Make the most of your visit to the UK with London Hut! We share insider tips and secret information on everything from famous attractions and shopping to accommodations and travel safety.
Accommodation is typically the biggest expense for budget travellers, beating food, entertainment, sightseeing, transportation, and other miscellaneous travel costs by a significant amount. If you manage to snag cheap accommodation, you can save a significant sum of money. You could use this money to travel longer, buy yourself something nice, or just put it in your piggy bank for later.
Below, LondonHut offers some tried-and-tested ways to find cheap accommodations in London and across the UK:
The UK has many signature accommodations meant for budget travellers. If you don’t mind making a few sacrifices (like sharing your space), you could find something decent for less than €20 per night. Examples from the Guardian include boutique hotels, hostels, bunkhouses, “bothies,” cottages, and shared rooms. You can find hostels in London for as little as €15 per night, with breakfast and free Wi-Fi included.

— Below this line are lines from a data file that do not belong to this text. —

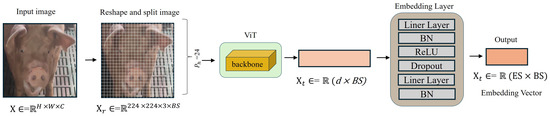 Pig Face Recognition Module in our proposed PFOSR System. This figure illustrates the pig face recognition pipeline in our PFOSR system. The input image is resized to 224 × 224 and processed through a ViT-based backbone for feature extraction. The extracted features are refined through an embedding layer consisting of linear layers, batch normalization (BN), ReLU activation, and dropout, producing the final embedding vector. BS (Batch Size) represents the number of images processed at once, while ES (Embedding Size) refers to the dimensionality of the output feature vector.
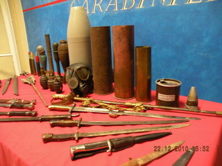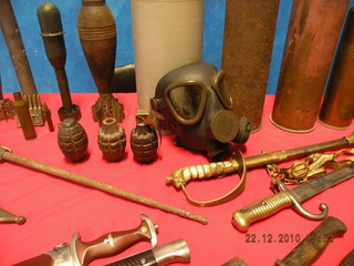 Aveva in casa: bombe di vario calibro, 5 bombe a mano, 10 baionette, maschera antigas, vari proiettili parabellum anche di tipo tracciante, 2 metaldetector, 2 pugnali.
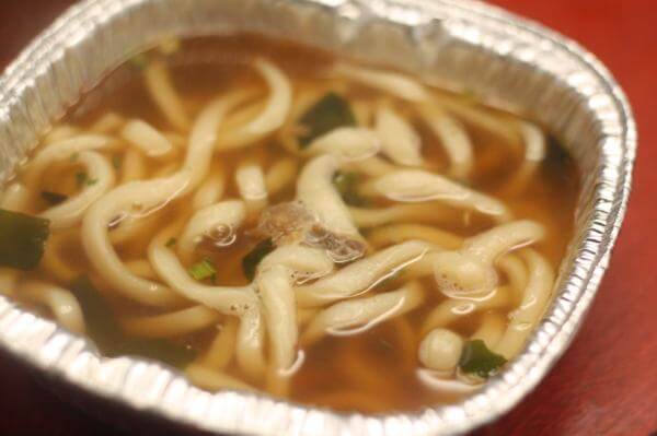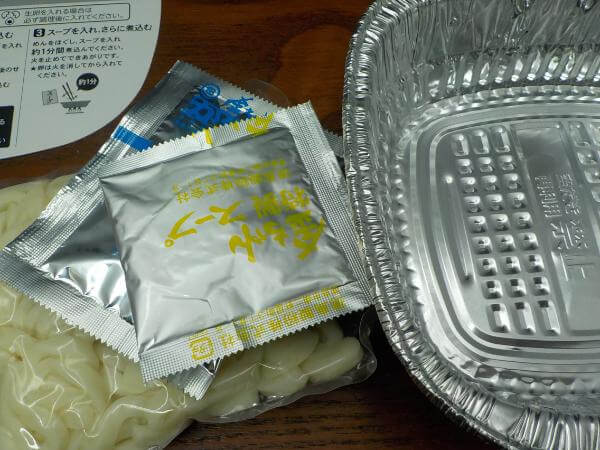 作り方は、お湯をわかし、銀色の器にそそぎいれ、そこにうどんとかやく、つゆをいれて煮れば作ることができます。
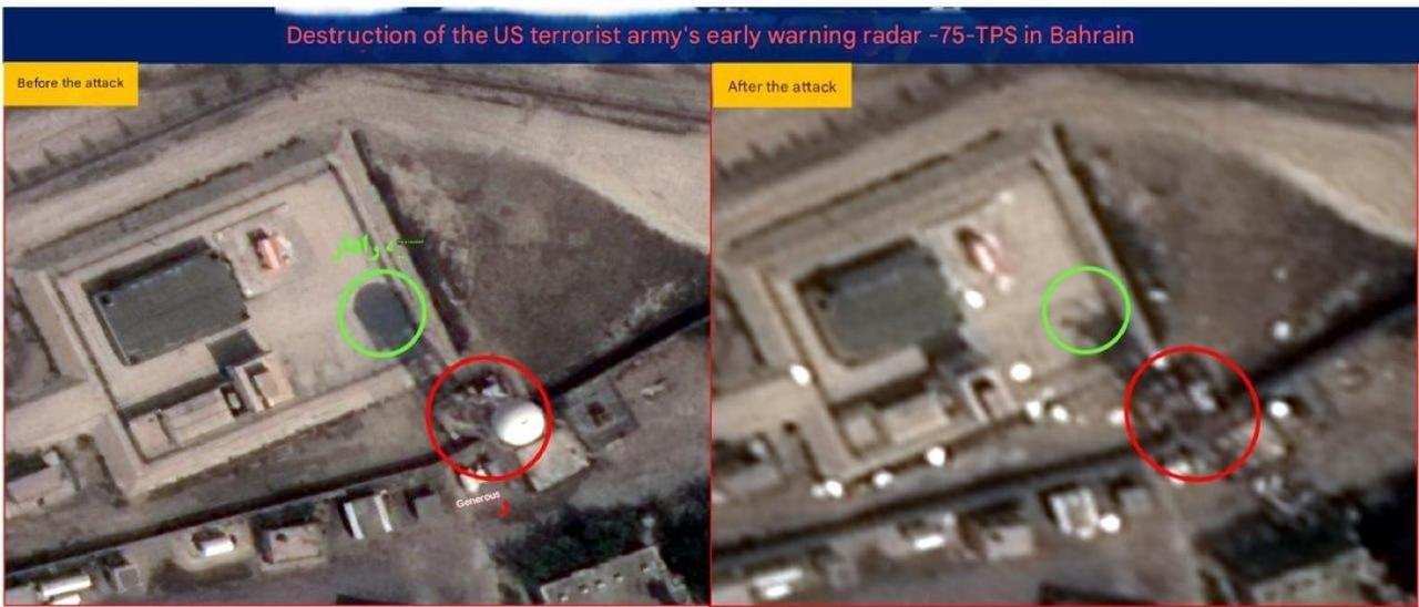КСИР публикует спутниковые снимки поражения ключевых американских РЛС в Бахрейне.
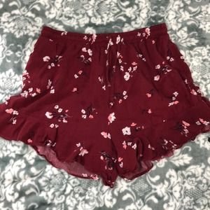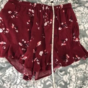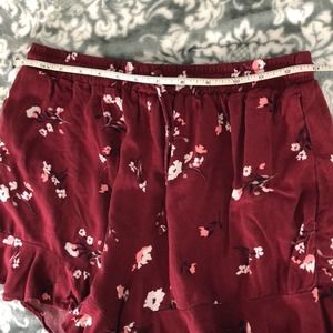 Super cute high waisted shorts with ruffle. In good condition. Elastic waist with tie. These would be adorable (and comfortable) for those hot summer days!
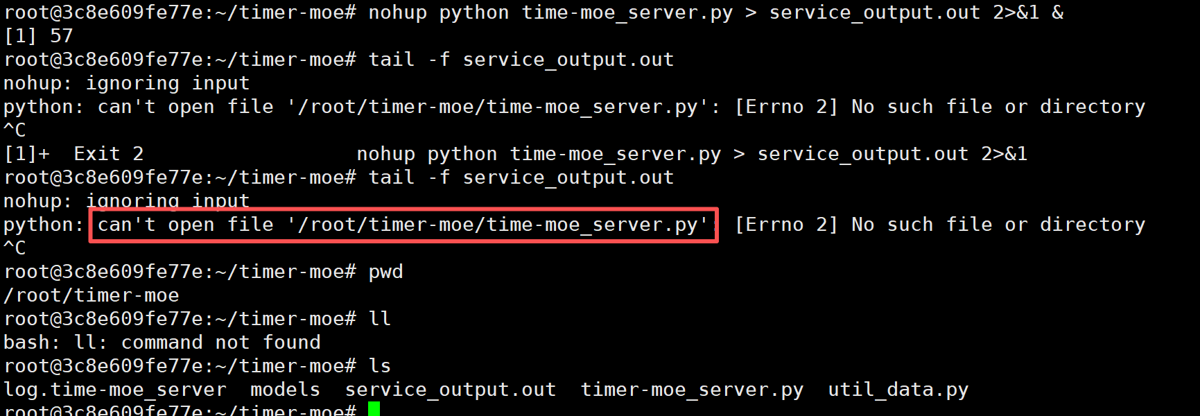 ubuntu22.04 服务器使用 docker 部署了 tdgpt-full ,里边两个时序大模型如何启动呢,在docker 内的/root/timer-moe 目录下看到了py 脚本,启动的时候说找不到,如何处理

When you book matters a great deal. It’s easier to find cheaper accommodations if you book your stay in the off-season, which is from November to April. Booking your stay as early as possible – 6 months in advance is ideal – will help you secure a better price. Furthermore, booking the place for a significant duration is almost always better (you typically get discounts if you do). If you can, aim for mid-week stays, which tend to be the cheapest. Avoid booking accommodations for a single day – those are the priciest.
Being flexible with where you stay will also help you save money. The countryside and smaller towns, for example, are much cheaper to stay in than larger cities and tourist hubs. Staying several kilometres away from your destination and travelling there and back makes for the biggest savings. To find cheap accommodations in a particular area (like London), select the “find places within 10km” or similar option when looking at maps on booking sites.

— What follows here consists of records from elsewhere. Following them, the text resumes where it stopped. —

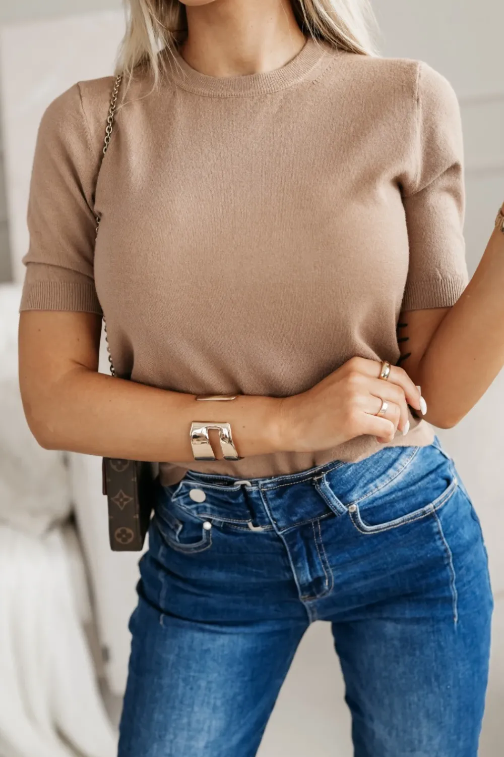 Klasyczny dopasowany sweterek. Wykonany z miłego w dotyku materiału. Posiada krótki rękaw oraz okrągły dekolt. Uroku dodają mu ozdobne, złote napy z tyłu. Świetnie będzie wyglądać zarówno w casualowej, jak i bardziej eleganckiej stylizacji.
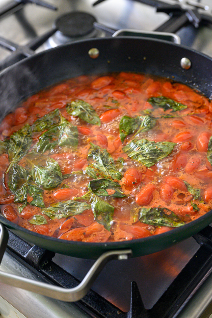 נכניס לסיר לפי הסדר הזה: שמן זית, עגבניות שרי, בלסמי על העגבניות, פסטה, שיני שום פרוסות, עלי בזיליקום, רסק, מלח, אורגנו וסוכר חום. נוסיף מים רותחים ונערבב היטב.
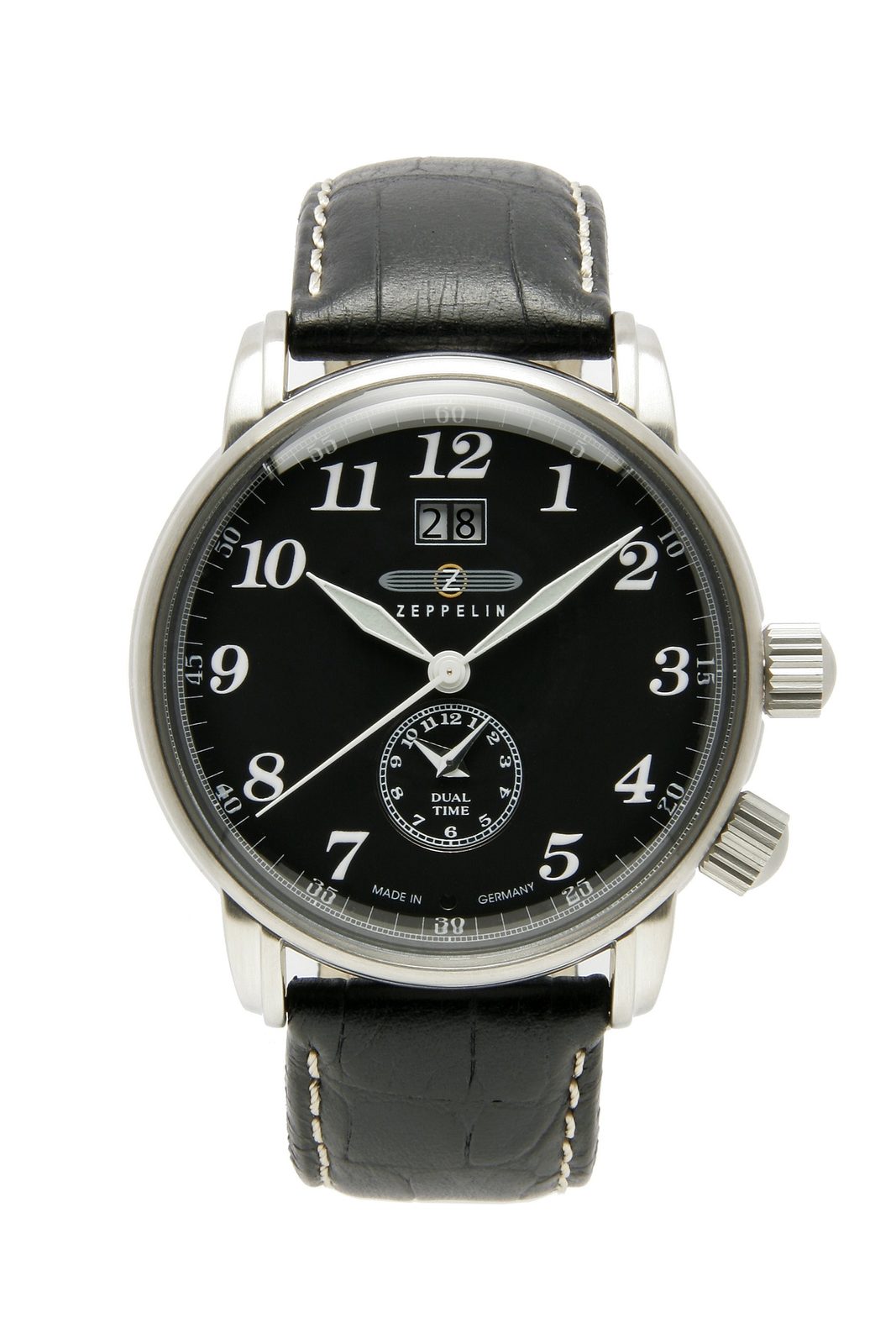 The Zeppelin 7644-2 from the LZ127 Graf Zeppelin model series is equipped with a date display at 12 o'clock. The dual time function makes it easy to find out the current time in the second time zone.
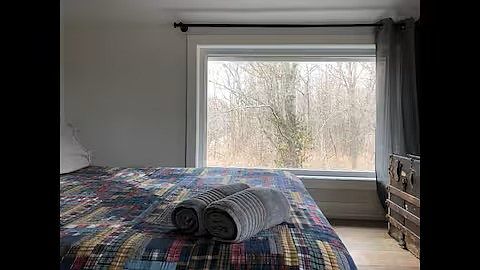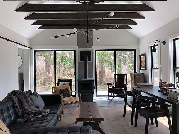 Beautifully designed, fully furnished home surrounded by trees, perfect for a peaceful winter stay. The home features a spacious open living and dining area with large windows, a wood-burning fireplace, and a modern, fully stocked kitchen.
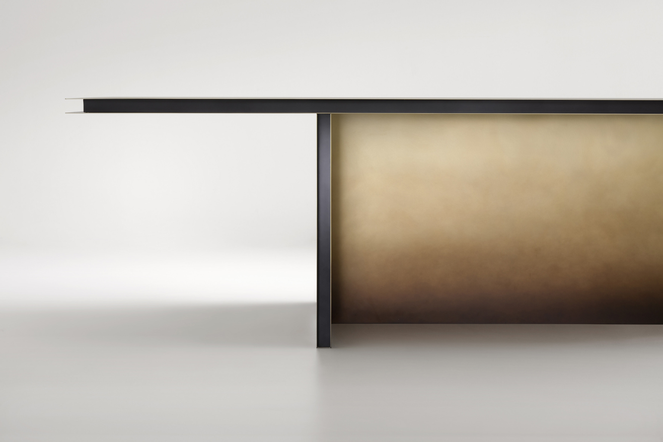 Metaal, gewaardeerd om zijn technische eigenschappen zoals stijfheid, sterkte en het vermogen om ingewikkelde vormen te vormen, wordt al heel lang gebruikt in design en architectuur. Ooit werd metaal louter als constructie gezien, maar wij hebben ervoor gekozen om het esthetische potentieel ervan te benadrukken door middel van een spel van contrasten. Ondanks het gewicht geven we onze creaties een gevoel van lichtheid. Metaal wordt vaak gezien als koud, maar we hebben het geïntegreerd in huiselijke omgevingen en roepen warmte en comfort op door oxidatie. Materiaal staat centraal in ons werk en gaat verder dan de functie. In plaats van het te verbergen, accentueren we de bepalende kenmerken ervan, zoals oxidatie. We versnellen dit proces zelfs om voorgeoxideerde afwerkingen te verkrijgen, een bewijs van onze eerbied voor het materiaal.

One of the best ways to save big on your accommodations is to share its cost with someone else. Ideally, this would be friends and family who are travelling with you, but it could also be an acquaintance you made on a travel group in a pinch. You could book a whole apartment, keep a room to yourself, and give another to someone else. Other sharing options worth looking into are house swapping and couch surfing.

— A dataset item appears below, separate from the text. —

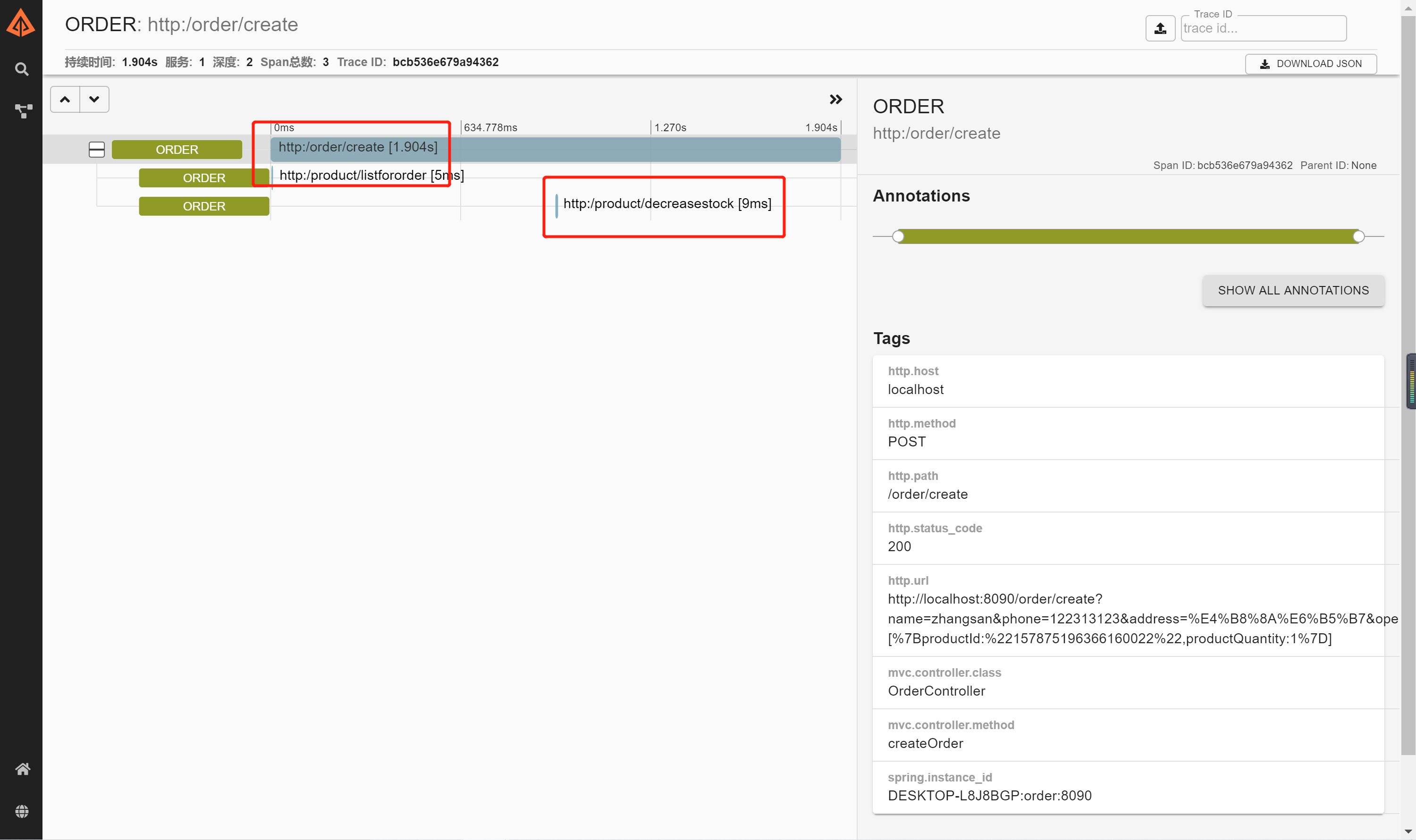 percentage: 16)启动我们的项目,再次创建订单,查看我们的Zipkin
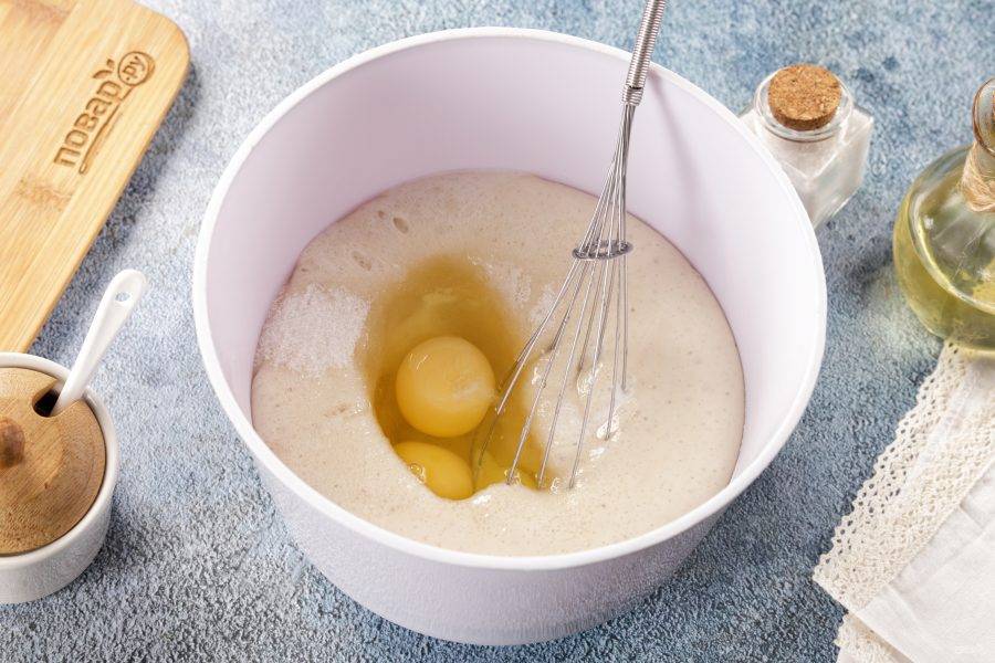 Всыпьте оставшийся сахар и всю соль. Вбейте яйца.

Every place you book comes with certain amenities, services, and similar benefits. If you book a place with good miscellaneous benefits – like free Wi-Fi, laundry, a kitchen, a fridge, a lounge, a pool, and similar – you will end up saving the money you’d otherwise spend on said benefits. It may not seem like much, but every little bit counts when you’re on a budget.
Many hotels and other places frequently have deals and discounts, especially during off or shoulder season. If there is a particular chain of hotels or B&Bs you frequent, signing up for their rewards program will help you secure great deals (including free stays). Some other ways to find discounts are checking social media pages, using your credit card points, signing up for newsletters, and negotiating group deals.
If you mainly look for accommodations using the internet, then you must clear your search history periodically (or log in from an incognito window). That’s because most popular accommodation listing sites as well as search engines log your search history and use it to price up any accommodations you might be interested in. CBC explains this in detail. Clearing your history and deleting cookies can help you reset these markups.
If you’re a frequent traveller to the UK – whether for personal or business reasons – purchasing a vacation home here could be an option worth exploring. This could be a small flat, a maisonette, or even a cottage. It would make for a good investment, save you accommodation expenses, give you a guaranteed place to stay even during the busy touristy season, and even help you generate passive income (if you let it out when you’re not living there).
Finding cheap accommodations in the UK isn’t hard if you make good use of the internet and don’t mind a bit of research. If you have contacts in the UK, reaching out to them can help you find local deals on accommodations or give you access to accommodations not listed online.